So, here is puzzle someone might have a hint.

Both of these are tested with the SAME FreeBSD package. Both are installed on
basically the same DUT FreeBSD (cloned from the same master).
Both are based on the git commit 04a3aabf58d95 (which is the candidate for
the bad commit identified earlier)
One of them consistent fails, the other passes the test.

Now look at the attached PDF (sorry, of PDF, but was easier to highlight diff).

On the left side is the GOOD run, on the right side the BAD run.

You’ll notice that the “rib_link: 30.0.5.0/24 vrf 0: adding dest to table” is already missing at the first instance when the route should get installed and many more
FIB related calls are missing.

Anyone have any guess what’s going on here?

Relevant function is in zebra_rib.c:

        static void
        rib_link (struct route_node *rn, struct rib *rib)
        {
          struct rib *head;
          rib_dest_t *dest;

          assert (rib && rn);

          if (IS_ZEBRA_DEBUG_RIB)
            rnode_debug (rn, "rn %p, rib %p", (void *)rn, (void *)rib);

          dest = rib_dest_from_rnode (rn);
          if (!dest)
            {
              if (IS_ZEBRA_DEBUG_RIB)
                rnode_debug (rn, "adding dest to table");

              dest = XCALLOC (MTYPE_RIB_DEST, sizeof (rib_dest_t));
              route_lock_node (rn); /* rn route table reference */
              rn->info = dest;
              dest->rnode = rn;
            }
        […]

The first rnode_debug seems to work in both cases, but then in the bad case,
the dest has a value and the “if (!dest)” is skipped.

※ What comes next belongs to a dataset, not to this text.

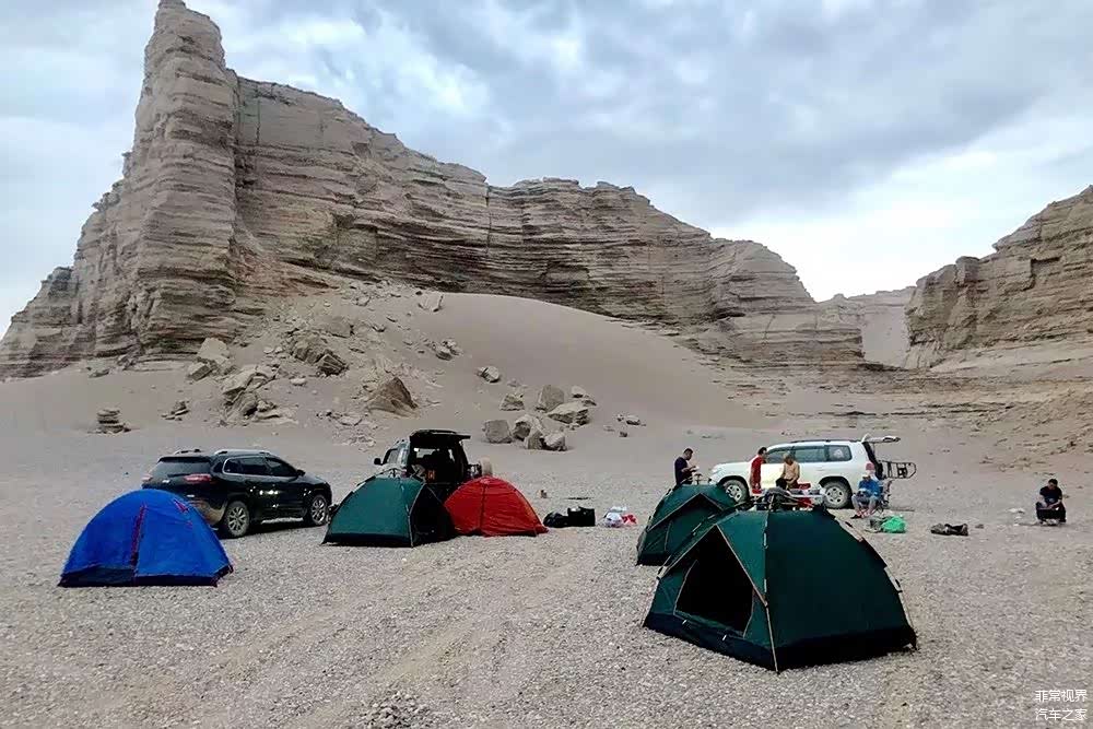 到达大海道核心区水源地附近已经是傍晚时分,在经过短暂修整之后,我们就开始寻找合适的宿营地,虽然靠近水源地对于宿营来说会更方便,但是水源地附近十分的空旷,而且大海道中经常是狂风四起,所以我们找了一个三边都有雅丹遮挡的地方作为当晚的宿营地,这里还有注意的是,为了避免被雅丹顶部掉落的石头砸伤,宿营地也要与雅丹留出安全距离。

Potentially some missed clearing of data structures?
(This is not immediately after startup - but in both runs I run the same sequence)

- Martin


On 23 Feb 2016, at 14:44, Martin Winter wrote:

Donald,

give me a few more hours to narrow the issue down. Still have a few more ideas
to correctly replicate this.
At this time, I worry you would not be able to reproduce the issue and just
waste your time.

(Getting the config.log from the port build isn’t that trivial)

For hints on how I set up the FreeBSD system, see
https://git-us.netdef.org/projects/OSR/repos/ci-files/browse/doc/Quagga_FreeBSD10.md

- Martin

On 23 Feb 2016, at 13:21, Donald Sharp wrote:

Martin -

Can I see the config.h and config.log generated for your test?

thanks!

donald

On Tue, Feb 23, 2016 at 4:15 PM, Martin Winter <
mwin...@opensourcerouting.org> wrote:

On 23 Feb 2016, at 5:23, Donald Sharp wrote:

Martin -

What's your configure line for freebsd?  Can you point me at your
config.log for this build? My freebsd vm is unhappy with me right now.


That’s where I have issues. My CI integrated system spots the error (and
every time), but if
I try to run it outside, then it seems to work.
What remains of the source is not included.